Priority review granted to LONSURF® (trifluridine/tipiracil)’s sNDA for the treatment of metastatic Gastric/Gastroesophageal Junction (GEJ) adenocarcinoma; PDUFA Feb 2019


The sNDA was based on data from randomized, pivotal Ph III TAGS trial evaluating LONSURF versus placebo and BSC in 2L+ metastatic gastric/gastroesophageal junction (GEJ) adenocarcinoma patients. The trial met its primary endpoint of improvement in overall survival (OS) and secondary endpoint of improvement in progression-free survival (PFS) with consistent safety and tolerability profile.

 

EMA adopts positive opinion for Pembrolizumab as adjuvant therapy in Melanoma based on RFS data from pivotal Ph III EORTC1325/KEYNOTE-054 trial


“There is a growing need for innovative therapies that can help reduce the risk of recurrence following surgery in patients with stage III melanoma,” said Dr. Scot Ebbinghaus, vice president, clinical research, Merck Research Laboratories. “Today’s news reflects the collaborative efforts of Merck and EORTC to improve the way we treat melanoma earlier in the treatment paradigm. We look forward to working with European regulatory authorities to bring KEYTRUDA to these patients in the adjuvant setting.”

 

RESULTS

Ph III ARAMIS trial of AR inhibitor Darolutamide completed in nmCRPC patients – primary endpoint met


“Prostate cancer is the second most commonly diagnosed malignancy in men in worldwide, and approximately 70 percent of patients have the non-metastatic form of the disease. While conventional hormone therapy is effective in the treatment of non-metastatic cancer, the efficacy is often eventually lost as the sole form of treatment. Additional treatment options in the early stages of the cancer that delay the time to metastases with a manageable safety profile are long awaited.
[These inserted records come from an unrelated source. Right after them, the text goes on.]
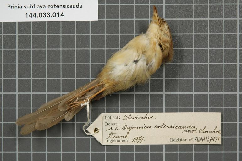Keywords: Naturalis Biodiversity Center - RMNH.AVES.137471 2 - Prinia subflava extensicauda (Swinhoe, 1860) - Sylviidae - bird skin specimen.jpeg artwork Dimensions artwork Document type Sylviidae Prinia Individual count 1 Infraspecific epithet extensicauda Infraspecific rank Institution Naturalis Kind of unit artwork Kind of unit specimen skin Life stage Formosa Medium artwork Nomenclatural code Additional identification info auct Swinhoe Occurrence ID page Other fields Other versions artwork Permission license Naturalis donation CC-0 Publication location Scientific name Prinia subflava extensicauda Swinhoe 1860 Scientific name authorship Swinhoe 1860 Source url http //bioportal naturalis nl Specific epithet subflava State or province Subject keywords artwork Subject keywords publication Title artwork Title publication Type status Uploaded with GWToolset Naturalis_Biodiversity_Center_-_RMNH AVES 137471_2_-_Prinia_subflava_extensicauda_ Swinhoe _1860 _-_Sylviidae_-_bird_skin_specimen http //medialib naturalis nl/file/id/RMNH AVES 137471_2/format/large Media donated by Naturalis Biodiversity Center Songbird specimens at Naturalis Biodiversity Center Prinia subflava Prinia |
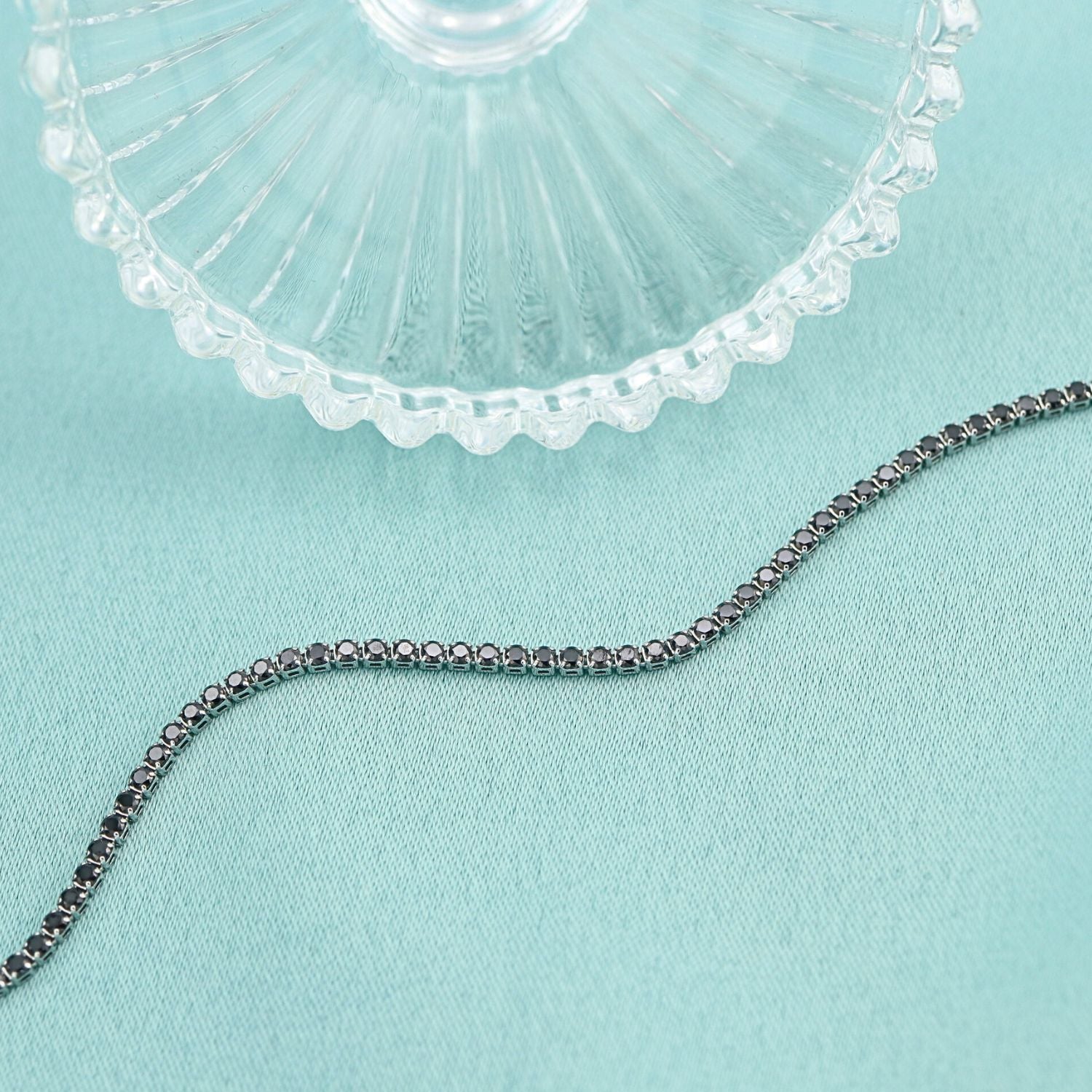 Bratara Tennis Aur Alb 14k Pietre Negre 1.5mm
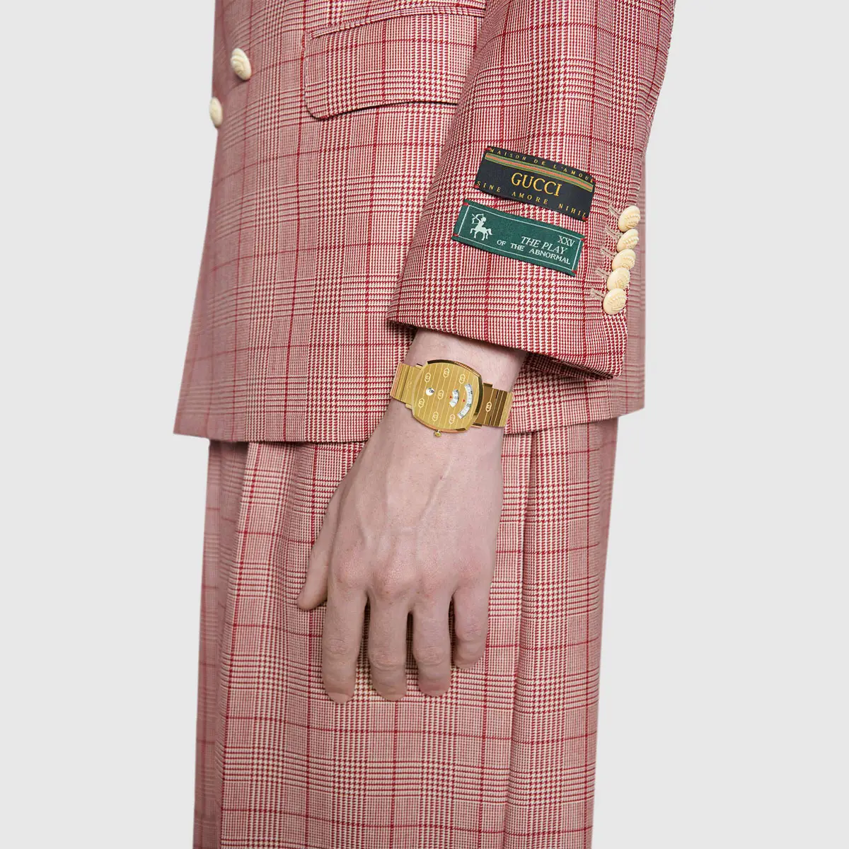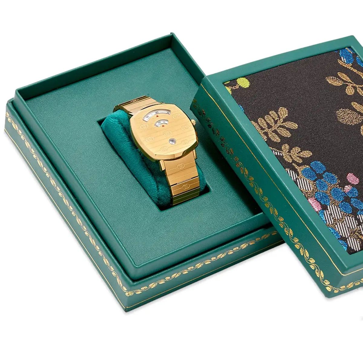 Gucci Grip YA157409 将现代极简与品牌标志性风格相融合。配备 38 毫米方形表壳(不锈钢 / 黄镀金)、蓝宝石水晶镜面,以及 不锈钢 / 黄镀金表圈。不锈钢黄镀金表链(金色)搭配折叠式表扣,整体在腕间呈现紧凑而奢华的质感。
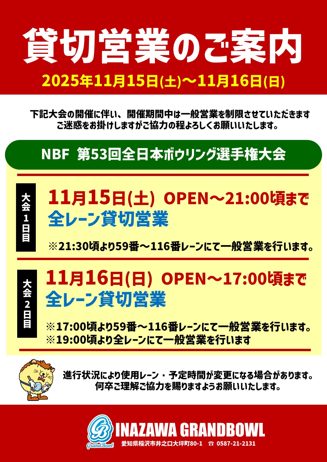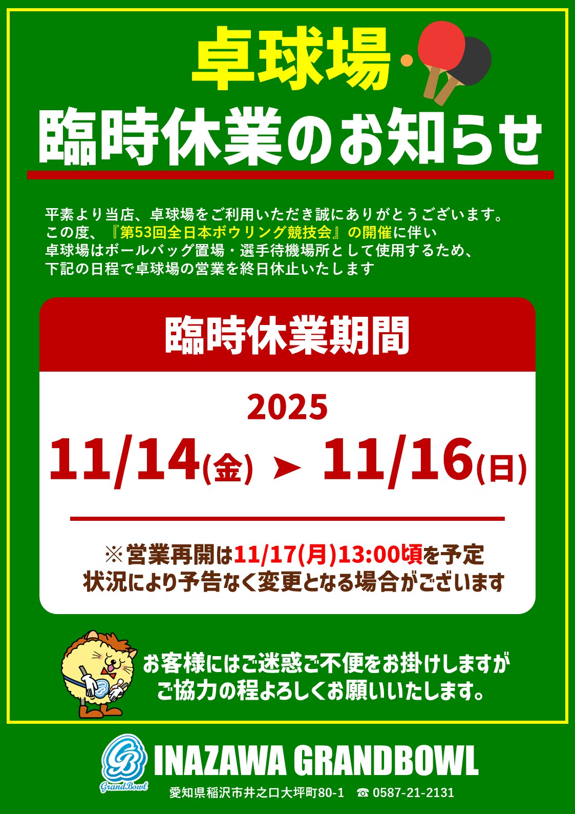 2025年11月15日(土)~10月16日(日)【競技会開催に伴う営業のご案内】
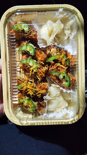 The spicy salmon oshi did not state it would have a sauce, that too a sweet sauce. I also was only given 7 pieces but its suppose to have 8. It was far from spicy. I don't know why the SPICY salmon oshi had a sweet sauce but it just ruined it.
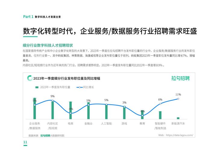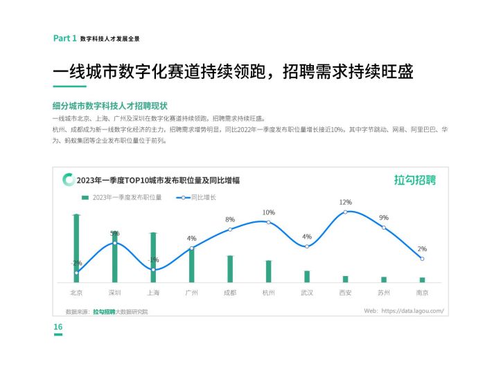 拉勾招聘数据显示,从整体数字经济行业发展来看,数字科技企业对传统产业及中小企业转型起到了强属模的积极作用,同时,企业服务/数据服务行业也在积极扩招人才,2023年一季度发布职位量同比增长5%,人工智能、新能源汽车等行业也成为数字科技人才的新风口。一线城市北京、上海、广州及深圳仍在数字经济赛道领跑,杭州、成都不断赶追,已成为新一线城市数字经济主力,发布职位量同比增长近1096。
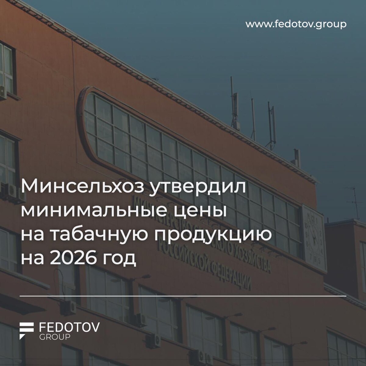 Минсельхоз утвердил минимальные цены на табачную продукцию на 2026 год Ранее были опубликованы МЦ на никотинсодержащую продукцию, теперь — и на табачные изделия. С 1 марта 2026 года все участники рынка — производители, импортеры, опт и розница — должны работать строго в рамках утверждённых минимальных цен. Напоминаем: в нашем калькуляторе вы можете быстро и корректно рассчитать МЦ по всем категориям табачной и никотинсодержащей продукции с учётом актуальных требований законодательства: https://fedotov.group/calculator-2026 Пользуйтесь калькулятором сами и делитесь с коллегами — он будет особенно полезен при планировании закупок и ценообразовании на 2026 год. Источник здесь. Получить консультацию | Дать буст | Попасть в Retail Expert
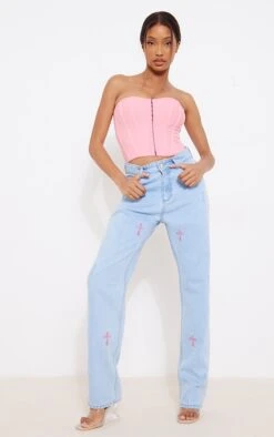 On est in love de ce jean long ! Avec sa coupe droite tendance, sa couleur bleu clair et son design à croix imprimées en pastel, on l’adore. Portez-le avec un top bustier et une paire de talons pour vous démarquer à la prochaine soirée. What a babe !
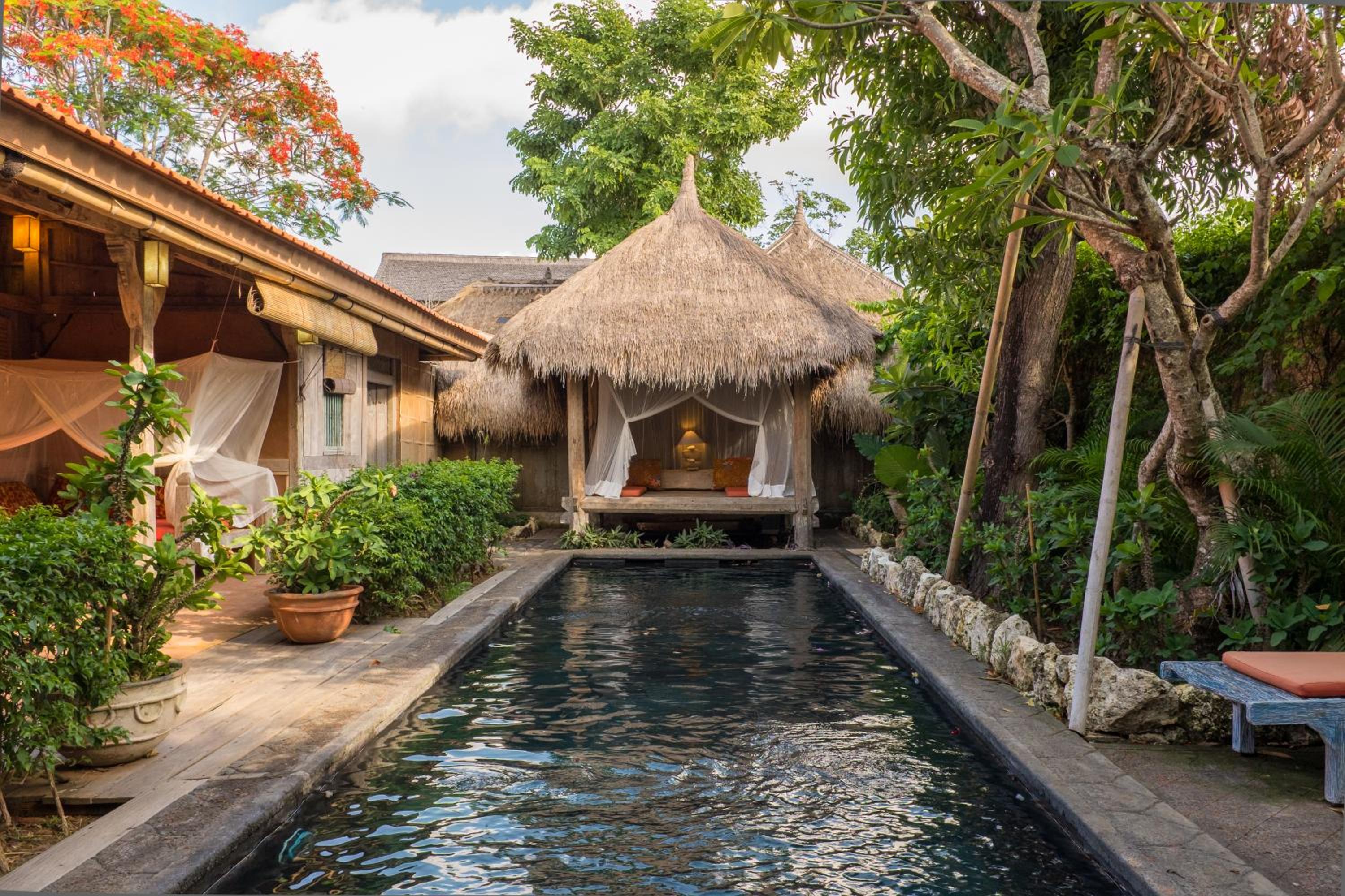 Escape to a tranquil oasis with an outdoor swimming pool, garden, and terrace offering breathtaking views at The Temple Lodge in Bingin Beach.
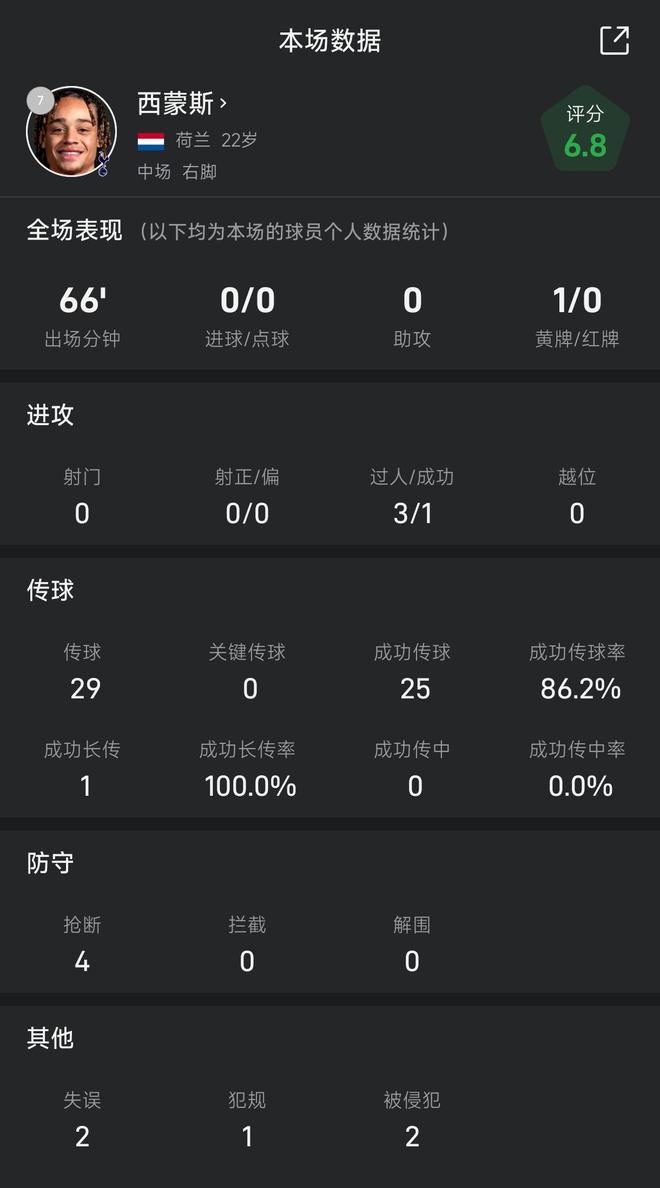 雷速体育11月2日讯 在今天凌晨进行的热刺主场vs切尔西的英超比赛中,哈维·西蒙斯第7分钟替换上场表现平淡,在第73分钟被换下。西蒙斯战切尔西全场数据:出场66分钟;3次过人尝试,1
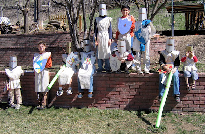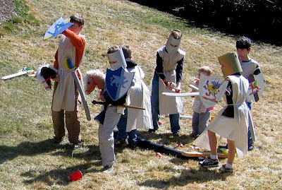 In the hiding place, they found all the gifts my sons’ friends had brought as well as a treasure chest with a glass goblet (decorated with sticky gems), a crown, and a final note announcing that now that the treasure was recovered, Sir Marcus could take his rightful place as King Marcus and everyone was invited to a royal feast to celebrate. At the dining room table, each place was set with silver paper plates and a decorated glass goblet that they got to take home (thank you, Dollar Store). The goblets were a big hit. One mom told me that her son insists on using his goblet most every day and then carefully hand-washes it so the sticky gems don’t come off. This idea came from the Family Fun website, and they have several other fun Knight party ideas as well

They are significant for the patient’s overall well-being,” says Christer Nordstedt, Senior Vice President, Research and Development at Orion.

 

Ph III CASSIOPEIA study of Daratumumab + bortezomib + thalidomide + dexamethasone in 1L multiple myeloma patients met the primary endpoint of sCR after induction and consolidation therapy


“Having previously seen positive data in the ALCYONE trial, for the frontline treatment of patients ineligible for autologous stem cell transplant, we are very pleased to see the results from the CASSIOPEIA study, which presents exciting insights into the potential of daratumumab for newly diagnosed multiple myeloma patients who received an autologous stem cell transplantation (ASCT). We also look forward to the data from the second part of the study, which will provide further data on the impact of daratumumab monotherapy as maintenance treatment,” said Jan van de Winkel, Ph.D., Chief Executive Officer of Genmab.

 

TRIAL STATUSES

BeiGene announces NDA acceptance in China and top-line pivotal data for BTKi Zanubrutinib in R/R CLL or SLL patients

“Our team has made three NDA submissions in China this year, including two for zanubrutinib and one for tislelizumab, our investigational anti-PD-1 antibody. We are hopeful that these submissions, if approved, could further transform BeiGene as well as bring important new treatment options to cancer patients,” commented John Oyler, co-founder, CEO and Chairman of BeiGene.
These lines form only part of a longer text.